- **DATA PROVIDED**
=-=-=-=-=

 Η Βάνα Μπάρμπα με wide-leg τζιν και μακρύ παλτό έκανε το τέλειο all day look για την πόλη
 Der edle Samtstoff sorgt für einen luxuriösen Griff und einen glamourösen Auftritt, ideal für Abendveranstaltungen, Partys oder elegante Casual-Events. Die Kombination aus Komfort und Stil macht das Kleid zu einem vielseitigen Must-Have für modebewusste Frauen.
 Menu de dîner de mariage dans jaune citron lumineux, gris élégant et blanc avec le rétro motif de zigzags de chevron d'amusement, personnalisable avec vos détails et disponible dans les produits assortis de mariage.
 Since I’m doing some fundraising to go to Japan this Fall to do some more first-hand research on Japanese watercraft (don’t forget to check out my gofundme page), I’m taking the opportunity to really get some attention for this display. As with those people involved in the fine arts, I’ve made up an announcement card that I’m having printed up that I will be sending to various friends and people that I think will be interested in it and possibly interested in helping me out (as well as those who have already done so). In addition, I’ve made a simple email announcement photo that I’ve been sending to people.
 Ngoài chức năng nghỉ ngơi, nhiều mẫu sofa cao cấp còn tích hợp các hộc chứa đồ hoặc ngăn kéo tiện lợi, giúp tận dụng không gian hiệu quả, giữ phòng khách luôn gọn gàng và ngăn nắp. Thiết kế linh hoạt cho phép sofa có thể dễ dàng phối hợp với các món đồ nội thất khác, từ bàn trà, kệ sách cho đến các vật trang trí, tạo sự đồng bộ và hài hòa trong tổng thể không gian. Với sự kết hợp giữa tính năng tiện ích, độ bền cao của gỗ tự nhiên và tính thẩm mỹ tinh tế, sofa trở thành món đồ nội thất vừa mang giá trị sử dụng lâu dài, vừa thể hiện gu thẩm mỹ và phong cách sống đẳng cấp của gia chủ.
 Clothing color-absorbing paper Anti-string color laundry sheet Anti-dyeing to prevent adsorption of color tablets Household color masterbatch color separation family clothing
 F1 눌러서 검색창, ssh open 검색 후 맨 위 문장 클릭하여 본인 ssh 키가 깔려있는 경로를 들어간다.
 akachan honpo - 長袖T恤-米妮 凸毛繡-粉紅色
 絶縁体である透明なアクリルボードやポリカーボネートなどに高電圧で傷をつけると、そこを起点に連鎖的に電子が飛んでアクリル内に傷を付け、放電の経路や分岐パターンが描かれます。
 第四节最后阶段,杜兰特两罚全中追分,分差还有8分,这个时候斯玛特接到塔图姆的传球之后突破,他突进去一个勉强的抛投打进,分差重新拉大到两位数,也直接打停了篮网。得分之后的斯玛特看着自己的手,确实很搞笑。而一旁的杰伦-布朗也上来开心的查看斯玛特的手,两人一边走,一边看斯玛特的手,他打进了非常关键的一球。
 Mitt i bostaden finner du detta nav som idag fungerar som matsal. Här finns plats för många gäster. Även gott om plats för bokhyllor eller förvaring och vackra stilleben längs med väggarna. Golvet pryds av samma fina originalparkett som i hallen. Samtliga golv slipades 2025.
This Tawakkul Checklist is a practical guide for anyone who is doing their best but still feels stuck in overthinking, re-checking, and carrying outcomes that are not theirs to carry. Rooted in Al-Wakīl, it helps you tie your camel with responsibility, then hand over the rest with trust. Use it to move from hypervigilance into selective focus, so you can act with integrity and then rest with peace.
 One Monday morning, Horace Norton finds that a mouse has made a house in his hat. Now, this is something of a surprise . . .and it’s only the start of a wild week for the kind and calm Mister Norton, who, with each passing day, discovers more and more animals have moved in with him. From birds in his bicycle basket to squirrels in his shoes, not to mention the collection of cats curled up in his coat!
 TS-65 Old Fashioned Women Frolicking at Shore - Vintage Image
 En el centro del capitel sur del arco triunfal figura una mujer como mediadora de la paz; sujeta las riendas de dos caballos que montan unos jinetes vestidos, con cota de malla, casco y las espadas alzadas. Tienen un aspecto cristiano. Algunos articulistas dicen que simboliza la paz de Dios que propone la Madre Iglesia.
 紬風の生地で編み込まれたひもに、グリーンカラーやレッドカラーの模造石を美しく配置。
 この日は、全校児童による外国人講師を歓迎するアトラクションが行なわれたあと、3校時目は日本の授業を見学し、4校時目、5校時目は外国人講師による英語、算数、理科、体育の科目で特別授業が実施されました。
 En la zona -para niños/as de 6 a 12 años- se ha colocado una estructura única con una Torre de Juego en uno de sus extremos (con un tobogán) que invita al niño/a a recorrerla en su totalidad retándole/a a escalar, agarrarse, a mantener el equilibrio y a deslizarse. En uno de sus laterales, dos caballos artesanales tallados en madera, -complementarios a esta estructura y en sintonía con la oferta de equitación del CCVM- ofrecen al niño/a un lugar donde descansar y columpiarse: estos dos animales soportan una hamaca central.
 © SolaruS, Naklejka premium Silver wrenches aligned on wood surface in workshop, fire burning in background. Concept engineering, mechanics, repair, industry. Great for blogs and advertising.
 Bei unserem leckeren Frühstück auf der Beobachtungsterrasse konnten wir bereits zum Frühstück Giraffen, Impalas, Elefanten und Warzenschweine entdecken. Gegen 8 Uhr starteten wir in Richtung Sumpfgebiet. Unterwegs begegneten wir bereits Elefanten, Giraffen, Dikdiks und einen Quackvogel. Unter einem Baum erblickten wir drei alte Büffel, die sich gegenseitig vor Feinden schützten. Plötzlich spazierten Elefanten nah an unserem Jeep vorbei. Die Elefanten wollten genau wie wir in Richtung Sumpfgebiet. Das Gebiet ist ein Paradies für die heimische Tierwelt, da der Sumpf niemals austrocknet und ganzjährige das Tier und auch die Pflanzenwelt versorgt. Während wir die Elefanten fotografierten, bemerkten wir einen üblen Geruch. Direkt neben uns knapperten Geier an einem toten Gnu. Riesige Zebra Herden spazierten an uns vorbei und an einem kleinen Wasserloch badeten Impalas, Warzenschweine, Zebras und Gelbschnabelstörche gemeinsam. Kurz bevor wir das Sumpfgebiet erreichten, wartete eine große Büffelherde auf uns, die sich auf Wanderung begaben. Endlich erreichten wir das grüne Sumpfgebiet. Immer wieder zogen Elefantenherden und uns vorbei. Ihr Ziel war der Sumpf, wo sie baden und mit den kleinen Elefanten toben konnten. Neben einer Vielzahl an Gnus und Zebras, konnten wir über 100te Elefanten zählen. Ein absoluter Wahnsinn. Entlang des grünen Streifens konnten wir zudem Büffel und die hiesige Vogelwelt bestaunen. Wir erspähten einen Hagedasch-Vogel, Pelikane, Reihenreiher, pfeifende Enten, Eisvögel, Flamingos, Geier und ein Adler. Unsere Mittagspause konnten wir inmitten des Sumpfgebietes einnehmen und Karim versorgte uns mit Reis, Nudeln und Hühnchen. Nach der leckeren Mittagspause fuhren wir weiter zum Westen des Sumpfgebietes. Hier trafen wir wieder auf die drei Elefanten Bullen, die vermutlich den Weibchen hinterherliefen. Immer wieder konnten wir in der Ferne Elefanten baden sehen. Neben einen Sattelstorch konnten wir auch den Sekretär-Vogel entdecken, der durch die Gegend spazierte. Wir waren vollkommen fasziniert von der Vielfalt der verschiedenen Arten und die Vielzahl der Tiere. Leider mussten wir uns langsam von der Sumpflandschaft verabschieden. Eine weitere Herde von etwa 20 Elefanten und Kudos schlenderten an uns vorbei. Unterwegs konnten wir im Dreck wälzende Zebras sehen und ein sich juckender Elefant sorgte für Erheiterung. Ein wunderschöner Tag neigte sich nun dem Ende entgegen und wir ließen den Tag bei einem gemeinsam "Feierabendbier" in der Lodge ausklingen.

=-=-=-=-=

- **YOUR ASSIGNMENT**
Which of the lines above mention the word "caballos"? Pull those lines out.

- **WORKED SOLUTION**
 En el centro del capitel sur del arco triunfal figura una mujer como mediadora de la paz; sujeta las riendas de dos caballos que montan unos jinetes vestidos, con cota de malla, casco y las espadas alzadas. Tienen un aspecto cristiano. Algunos articulistas dicen que simboliza la paz de Dios que propone la Madre Iglesia.
 En la zona -para niños/as de 6 a 12 años- se ha colocado una estructura única con una Torre de Juego en uno de sus extremos (con un tobogán) que invita al niño/a a recorrerla en su totalidad retándole/a a escalar, agarrarse, a mantener el equilibrio y a deslizarse. En uno de sus laterales, dos caballos artesanales tallados en madera, -complementarios a esta estructura y en sintonía con la oferta de equitación del CCVM- ofrecen al niño/a un lugar donde descansar y columpiarse: estos dos animales soportan una hamaca central.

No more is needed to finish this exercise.